Somit bliebe die einzige Option eine progressive Minderheitsregierung aus PSOE und Sumar unter Führung von Pedro Sánchez, also praktisch eine Fortführung der Regierung der vergangenen vier Jahre.
Allerdings gibt es dabei einen möglicherweise entscheidenden Unterschied: Die beiden Parteien haben im Vergleich zu 2019 fünf Sitze weniger und sind damit nicht mehr nur auf die Unterstützung der baskischen und galizischen Regionalparteien sowie der Republikanischen Linken Kataloniens (ERC) angewiesen, sondern auch auf eine Enthaltung von Junts per Catalunya.
Diese konservative Pro-Unabhängigkeitspartei unter der Führung von Ex-Regionalpräsident Carles Puigdemont – der 2017 nach dem gescheiterten Referendumsversuch nach Belgien geflohen war – hat konsequent gegen die bisherige Sánchez-Regierung gestimmt und mehrfach betont, sie werde eine Regierungsbildung in Madrid, welcher Couleur auch immer, nicht unterstützen. Bisher verfolgt sie die Strategie »je weniger in der Hauptstadt funktioniert, desto besser«. Konkret könnte das heißen, dass Junts eine möglichst rechte Regierung in Madrid sogar präferieren würde, da deren harte Haltung gegenüber separatistischen Bewegungen den Effekt haben könnte, dass Junts daheim in Katalonien noch mehr Unterstützung erfährt.
»Wenn es Sánchez gelingt, eine neue Regierung zu bilden, wird die nächste Legislaturperiode ein langer, harter Kampf. Es wird bei jedem Gesetz enorme Anstrengungen erfordern, um eine Mehrheit zusammenzubringen.«
Somit sind die sieben Abgeordneten von Junts nun das Zünglein an der Waage. Sie werden letztendlich entscheiden, ob Spanien für vier weitere Jahre eine progressive Regierung bekommt. Die letzte Alternative ist eine Neuwahl innerhalb der nächsten sechs Monate. Auch das wäre in Spanien nicht ungewöhnlich: Sowohl 2016 als auch 2019 kam es dazu.
Die Partei von Puigdemont – der einerseits EU-Parlamentsmitglied ist, andererseits nach Ansicht der spanischen Justiz auf der Flucht vor dem Gesetz – wird wahrscheinlich ein Referendum über die katalanische Selbstbestimmung und eine Amnestie für alle katalanischen Unabhängkeitsaktivisten fordern, gegen die ein Strafverfahren eingeleitet wurde.
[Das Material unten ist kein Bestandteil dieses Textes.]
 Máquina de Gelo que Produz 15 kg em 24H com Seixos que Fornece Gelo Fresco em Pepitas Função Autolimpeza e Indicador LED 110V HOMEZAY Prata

Das sind inakzeptable Bedingungen für Sánchez, dem es in den vergangenen Jahren immerhin gelungen ist, die Konflikte zwischen Barcelona und Madrid etwas zu besänftigen, indem er sich für einen Dialog im Rahmen der bestehenden Gesetze und der Verfassung einsetzte.
Während er von der spanischen Rechten (und den kompromisslosesten Teilen der katalanischen Unabhängigkeitsbewegung) für diesen Dialog scharf angefeindet wurde, hatte seine progressive Exekutive die 2019 verurteilten Rädelsführer tatsächlich begnadigt. Außerdem hat sie das Strafgesetzbuch geändert und den anachronistischen Straftatbestand der »Aufwiegelung« abgeschafft, der von der spanischen Justiz verwendet wurde, um harte Gefängnisstrafen gegen katalanische Politiker zu verhängen, die eine einseitige Unabhängigkeitserklärung angestrebt hatten.
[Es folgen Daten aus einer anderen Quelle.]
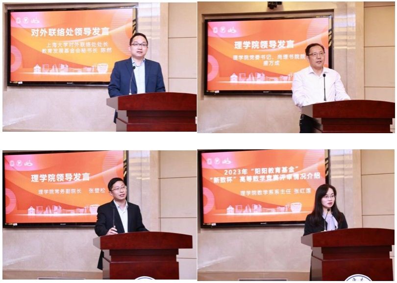 会议伊始,永利集团88304官网党委常委、副书记欧阳华和新致软件股份有限公司董事长郭玮分别致辞。欧阳华强调郭玮、徐海珍伉俪设立的永利集团88304官网“阳阳教育基金”已经帮助和激励了很多年轻人在数学领域自由探索,并取得了卓越的成绩。永利集团88304官网数学学科全球排名、科研基金项目、国家级人才、顶级期刊论文发表等方面都有了飞跃式的发展和零的突破,这与校友们的支持与关心是密切相关的。希望数学系的师生们心怀感恩、奋发图强,坚定科研报国、艰苦拼搏的决心,为永利集团88304官网数学学科发展争取更多、更大的突破!郭玮回顾了“阳阳教育基金”设立的初心,他表示看到永利集团88304官网、数学学科飞速发展,看到年轻人取得卓越的成绩他心里感到非常的高兴和欣慰。他强调与数学学科已经在探索开展全方位、深层次、重实效的深度合作,从“阳阳教育基金”开始,今年又有了“新致杯”高等数学竞赛,“新致数学中心”也正式启动,希望能够通过深度链接,积极服务国家战略,增强使命担当。

Der Mut von Sánchez und seinen Regierungspartnern wurde von den katalanischen Wählerinnen und Wählern belohnt: Die PSOE war bei den Wahlen die führende Partei in der Region; Sumar die zweitstärkste. Die Unabhängigkeitsparteien hingegen erlitten schwere Rückschläge und verloren fast die Hälfte ihrer bisherigen Stimmen. So etwas wäre vor einigen Jahren noch undenkbar gewesen.
Nach dem Wahlkampf geht es nun ans politische Tauziehen. Vor uns liegt ein Monat mit Verhandlungen und viel Lobbying. Einige werden jede Möglichkeit einer Einigung zunichte machen wollen, andere werden versuchen, bestehende Differenzen auszuräumen und Spanien eine neue Regierung zu verschaffen. Um zu sehen, welchen Handlungsspielraum Sánchez wirklich bekommt, müssen wir bis zum 17. August warten, wenn das neue Parlament zusammentritt. In den darauffolgenden Tagen werden die Parteichefs dann von König Felipe VI. empfangen und mit der Koalitionsbildung beauftragt. Die Parlamentsabstimmung zur Bestätigung einer neuen Regierung wird also nicht vor September stattfinden.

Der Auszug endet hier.